Разнообразие книги зависит еще от следующего: разные ее страницы получают разное качество, разное свойство.

Древняя книга была свитком, она была односторонняя – лист использовался только с одной стороны.

В древней китайской книге этот свиток как бы сложили гармошкой и одну сторону склеили. Мы опять имеем здесь книгу одностороннюю: только одна сторона страницы используется, другая сторона спрятана внутрь и не используется.

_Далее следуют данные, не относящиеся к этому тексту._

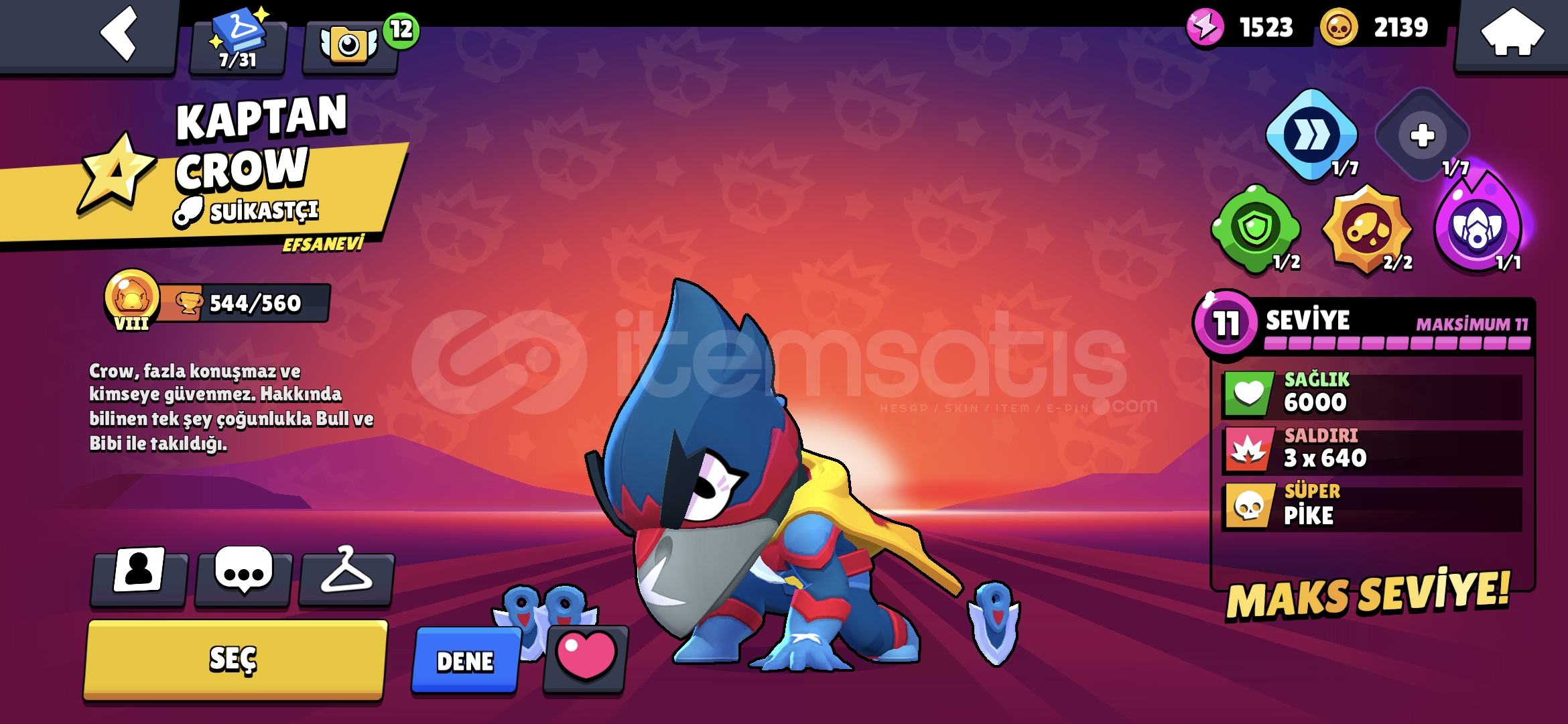 Hesapta 2 Karakter Hariç Hepsi Açıktır.El Emeği İle Kasılmıştır.5 6 Kere BattlePass Alındı.Mail Teslim Vardır.Her Karakterde %95 Bol Skinn.

В нашей книге, европейской, мы имеем двустороннюю страницу, правую и левую стороны. И когда мы перелистываем нашу книгу, то мы как бы видим все правые страницы, ведущие нас в глубь книги; когда мы перевертываем правую страницу, то ожидаем тоже правую, и левая страница оказывается для нас несколько неожиданной, мы на нее как бы оглядываемся. Поэтому все титульные листы, спуски (то есть начальные страницы, где текст печатается не с самого верха), заставки ставятся на правой странице – они ведут нас в глубь книги; и поэтому большая страничная картинка на правой странице будет мешать нашему движению в книгу, она увлечет, захватит нас изображенным на ней пространством, поведет в свою собственную глубину.

Поэтому мне кажется, что страничные иллюстрации нужно помещать на левой стороне. Как бы оглянувшись назад, мы можем сосредоточиться, рассматривать изображение, и это не будет мешать нашему движению в глубину книги.

Вот эти разные качества и свойства страниц делают книгу разнообразной и сложной.

Чтобы рассказать вам о книге подробно, я возьму какое-нибудь литературное произведение и мысленно его оформлю. Расскажу о том, как это получится в определенной книге.

Я думаю взять «Евгения Онегина». Всем вам он известен, и содержание его не надо будет пересказывать.

Я иногда мысленно оформляю какое-нибудь произведение, которое в действительности я не оформлял, и иногда затрудняюсь, как его иллюстрировать.

Я думал, например, о том, как иллюстрировать пушкинскую «Сказку о рыбаке и рыбке». Мне казалось, что монументальное, спокойное течение всей сказки, которую я очень люблю, не выражается той суетней со старухой, в которой она то дворянка, то царица, и иллюстрировать это было бы неприятно.

Я понял значение происшествий тогда, когда увидал, что позади всего, как основа, видится море, и тихое и бурное, и это поставило все на свое место, и сказка приобрела свое монументальное течение.

Так же и в «Евгении Онегине». Мне странно было изображать Евгения сидящим перед зеркалом:

 
«Он три часа по крайней мере
Пред зеркалами проводил».
 

Так же странно изображать мелочи петербургской жизни, как в деревенской, изображать чудака – «чудак печальный и опасный».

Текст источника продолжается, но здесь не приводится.